Хотя римляне едва не лишили Аподория жизни, он признавал, что римское господство принесло миру кое-какие плоды. Он побывал во многих государствах, где установились мир и процветание, чего не было при их собственных правителях. Но если цезарь был слаб, а наместники его преступны, империя могла приносить – и приносила – страдания.

Миру нужна империя. Империи нужен хороший цезарь. Аподорий принял решение.

Публий Цинн Метелл Август – сам цезарь, последний в ряду порфироносцев на сегодняшний день – зевнул. Если бы он мог лишить граждан права напрямую обращаться к императору, он бы это сделал. Он терпеть не мог разбираться с мелочными распрями, спорами из-за денег, жалобами на судей, которых сам же назначил… К несчастью, избежать этого было нельзя. Те, кто обладал достаточным состоянием, чтобы подкупить различных чиновников, которыми он себя окружил, также были достаточно богаты, чтобы иметь влияние, и по крайней мере в их случае ему приходилось действовать согласно принятым правилам.

Конечно, Марк Плацид думал иначе. Ему нравилось наблюдать за тем, как люди строят коварные планы, и он получал удовольствие от того, что рано или поздно мог их перехитрить. Метелл едва успел сдержаться, чтобы не нахмуриться, когда сенатор собственной персоной вошел в зал для приемов.

«Слишком уж он умный, – подумал император. – Возможно, придется с ним как-то разобраться…»
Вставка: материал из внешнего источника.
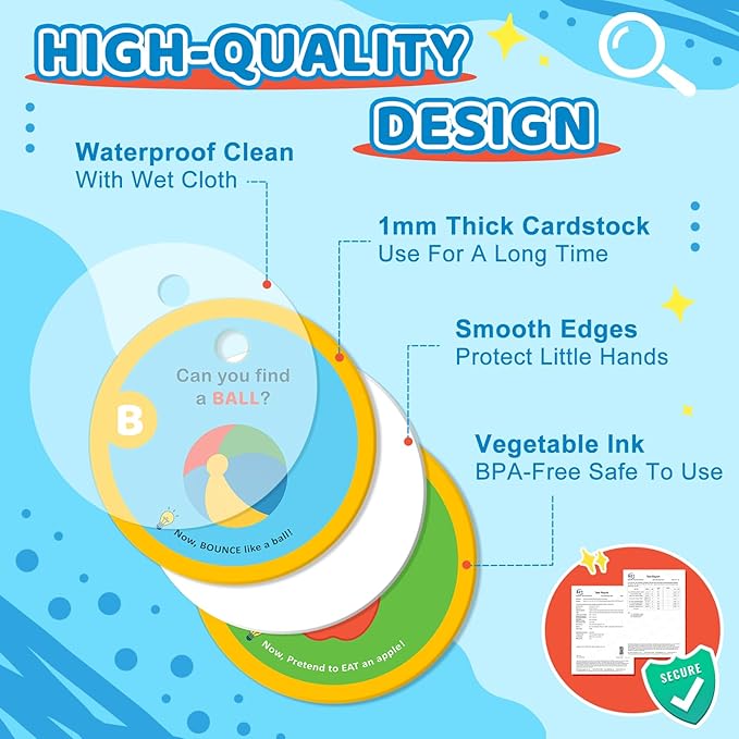 - HIGH-QUALITY:Engineered to survive even the toughest toddlers, these ultra-durable cards feature 1mm thick lamination that's completely waterproof, chew-resistant, and effortlessly wipes clean from spills and sticky fingers. Made with 100% child-safe, non-toxic materials .Every card has soft rounded corners for worry-free handling and is free from BPA, lead, and phthalates - because safety is just as important as fun!

– Что? – потребовал он ответа. – Насколько я понял, на сегодня с аудиенциями покончено.

– Думаю, – прошептал Марк, – один из тех, кто ожидал в очереди, тебя заинтересует. Взгляни, о цезарь!

Двери снова распахнулись. В зал ступил темнокожий человек, очень худой, старый, в лохмотьях, однако держался он с очевидным достоинством. К груди он прижимал что-то красновато-коричневое – глиняный горшочек, запечатанный воском. Он поклонился в неопределенную сторону; его явно подводило зрение, и слуге пришлось подтолкнуть его к трону.